Leider hat die Substanz einen schlechten Ruf, da sie bei langjähriger Einnahme zu schweren Nebenwirkungen führen kann. Solange der Wirkstoff aber nur eingeatmet wird, braucht man im Allgemeinen keine Begleiterscheinungen zu fürchten.
Wer schwerer erkrankt ist und täglich Beschwerden hat, braucht eine Kombination aus Kortison und den bronchienerweiternden Betamimetika oder Anticholinergika, allerdings die in langwirksamer Form.
Cineol – ein Naturstoff im Fokus der Wissenschaft
Bei der Zusatzbehandlung von Asthma und anderen entzündlichen Atemwegserkrankungen hat sich der Naturstoff Cineol als besonders wirksam erwiesen.
Zum einen wirkt er direkt gegen die Entzündung in den Atemwegen, zum anderen löst er das zähe Sekret, das sich bei Asthma in den Atemwegen bildet – und das bei sehr guter Verträglichkeit. Durch eine Zusatztherapie mit cineolhaltigen Kapseln kann der Einsatz von Kortison reduziert werden. Außerdem können Symptome wie Kurzatmigkeit, Husten und nächtliche Asthmabeschwerden gebessert werden, so dass sich die Lebensqualität insgesamt spürbar verbessert.
Aus diesem Grunde wäre Cineol eine sinnvolle Ergänzung der Langzeittherapie und sollte deshalb ebenfalls täglich auf lange Sicht zusätzlich angewendet werden. Reines Cineol ist konzentriert in Kapsel-Form als Soledum® Kapseln forte rezeptfrei in der Apotheke erhältlich.
Aktiv mit Asthma
Mit einfachen Verhaltensregeln wie Allergen-Vermeidung und körperlicher Betätigung können Menschen mit Asthma ihre Lebensqualität verbessern. Ein wichtiger Aspekt bei der Vorbeugung von Asthma-Anfällen ist immer die konsequente Einnahme der verordneten Medikamente.

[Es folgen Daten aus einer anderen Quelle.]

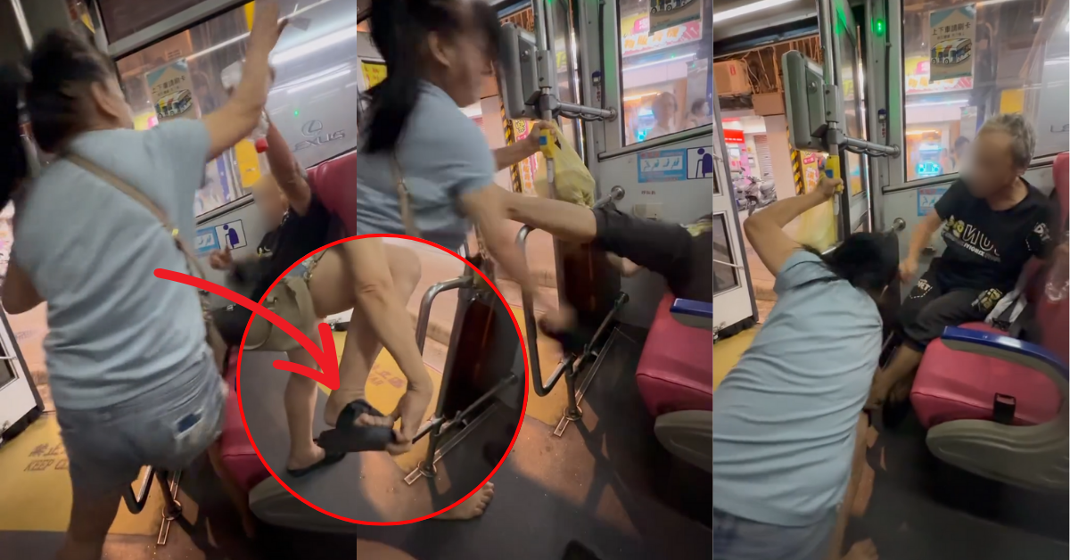 A 57-year-old woman, Wei, and an elderly man, Yang, were caught on camera swinging slippers and throwing kicks inside the bus.

Hat Ihnen Ihr Arzt entzündungshemmende Medikamente verordnet, müssen Sie diese auch in beschwerdefreien Zeiten einnehmen.
Der Engpass in den Atemwegen
Asthma ist eine chronische, entzündliche Erkrankung der Atemwege, die mit Luftnot bis hin zu Erstickungsanfällen einhergeht. Die Atemwege sind die „Transitstrecke“ für die Luft, die wir zum Leben brauchen. Sie sind aufgebaut wie ein Baum, der auf dem Kopf steht.
Den Stamm bildet die Luftröhre. Sie gabelt sich in zwei dicke Haupt-Äste – die Stammbronchien. Sie treten rechts und links in die beiden Lungenflügel ein. Dort verzweigen und verästeln sich die Bronchien immer weiter und werden dabei immer feiner und enger. Innen sind sie mit einer hauchdünnen Schleimhaut ausgekleidet. Sie wird von einem dünnflüssigen, klaren Sekret ständig feucht gehalten.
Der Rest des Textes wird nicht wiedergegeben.